The National Institutes of Health has awarded an Oklahoma Medical Research Foundation scientist $2.1 million to better understand the metabolism of T cells, a critical component of our immune system.
With the five-year grant, OMRF scientist Meng Zhao, Ph.D., will study the role mitochondria — the driver for energy and metabolism in cells — plays in T cells, one of the white blood cells of the immune system.
T cells have several functions, but primarily they guard against infection and are thought to help fight cancer.
“T cells are supposed to protect us, but sometimes they go rogue,” said Zhao, who joined OMRF’s Arthritis and Clinical Immunology Research Program in 2020 from the La Jolla Institute for Immunology. “For someone with autoimmune disease, T cells are a troublemaker. They recognize something that normally is harmless and attack it.”
Despite decades of study on T cells, research into their metabolism is relatively new, Zhao said. Recent investigations have suggested T cells’ mitochondria may have important functions beyond producing energy.
“There’s still a lot we don’t know about our immune system,” she said. “The more we understand the inner workings, including the specific roles of the mitochondria, the better we can design targeted medications.”
The grant is Zhao’s first independent funding from the NIH. It was awarded under a program for promising scientists still early in their careers, known as the Maximizing Investigators’ Research Award, or MIRA. The competitive federal program offers long-term support, the flexibility to pursue new research directions and favors bold, risk-taking science.
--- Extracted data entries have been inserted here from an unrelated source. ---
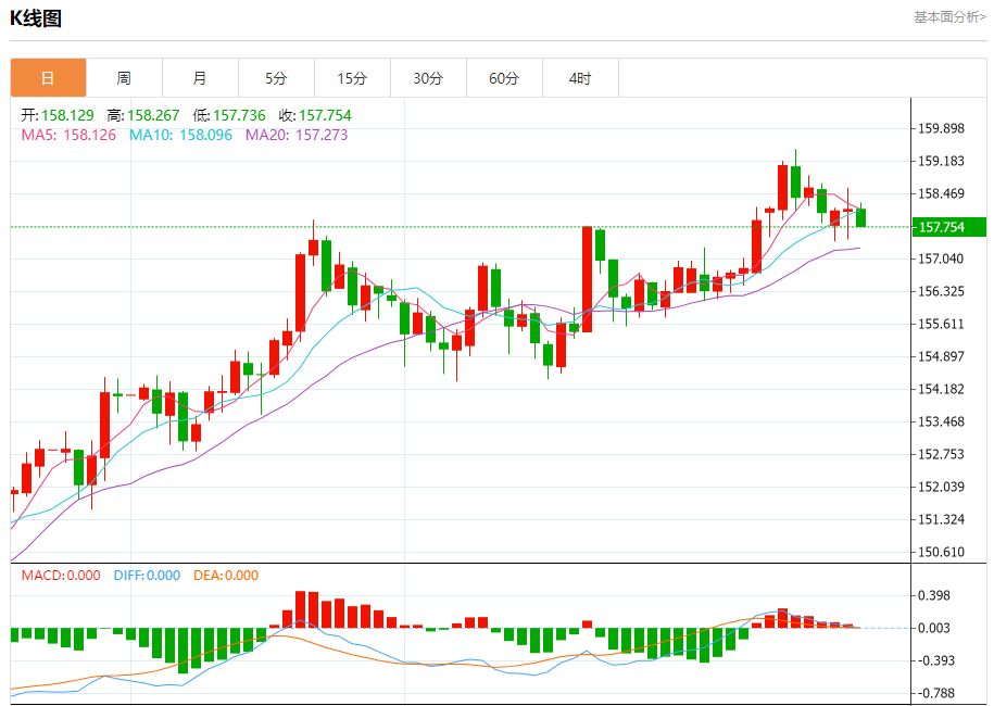 周三纽盘,美元兑日元交投于157.781,跌幅为0.24%。
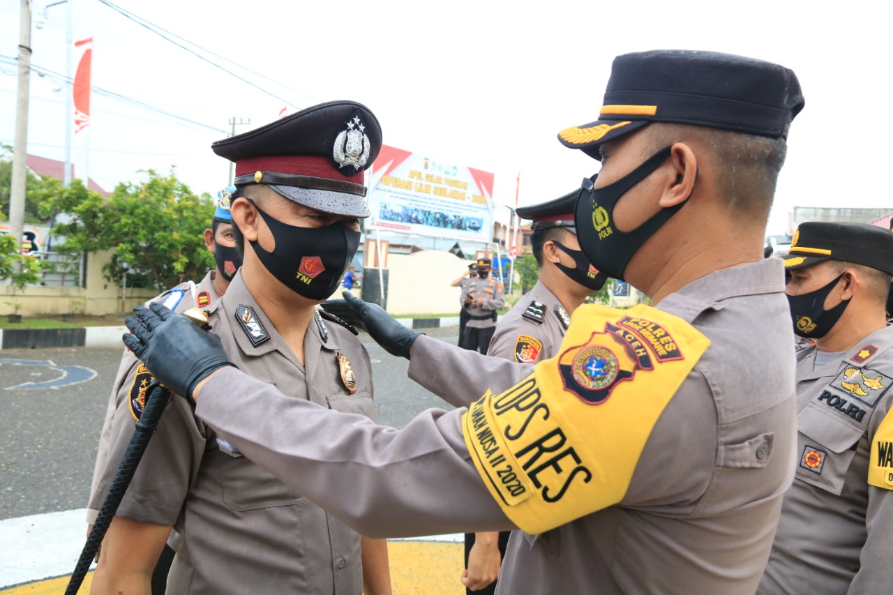 LHOKSEUMAWE AKTUALDETIK.COM - Kapolres Lhokseumawe AKBP Eko Hartanto, S.I.K, MH pimpin langsung upacara kenaikan pangkat setingkat lebih tinggi 53 personil Polres Lhokseumawe dan 1 personil Brimob Yon B Pelopor Aceh TMT 1 Januari 2021 yang berlangsung di halaman Mapolres Lhokseumawe, Jum'at (01/01/2021) sore.
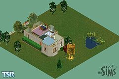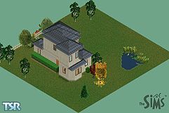 Sim tired of living in a cardboard box? Move in here instead. Inexpensively furnished living room, eat in kitchen, 1/2 bath downstairs, full bath upstairs. 2 bedrooms upstairs, though only one is furnished. Contains textures from all expansions, including downloads of Double Deluxe.
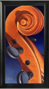 Brenda Ehly is a multi-talented artist of music and visual arts, who taught instrumental music for 16 years and then  began painting. Her painting, On Board was inspired by a childhood chess set. The chess pieces seem to glow out of the depths of the canvas and were designed by a Russian American sculptor, better known as the creator of the rubber ducky. Viola deBraccio (at left) is the artist’s personal viola and this painting portrays the exquisite beauty of the instrument.

“Dr. Zhao’s research will provide crucial insight at a basic level in our understanding of mitochondria,” said OMRF’s chief clinical officer Judith James, M.D., Ph.D., who leads the foundation’s Arthritis and Clinical Immunology Research Program. “I’m excited to see where her research leads.”
The grant, 1R35GM147713-01, is funded by the National Institute of General Medical Sciences, part of the NIH.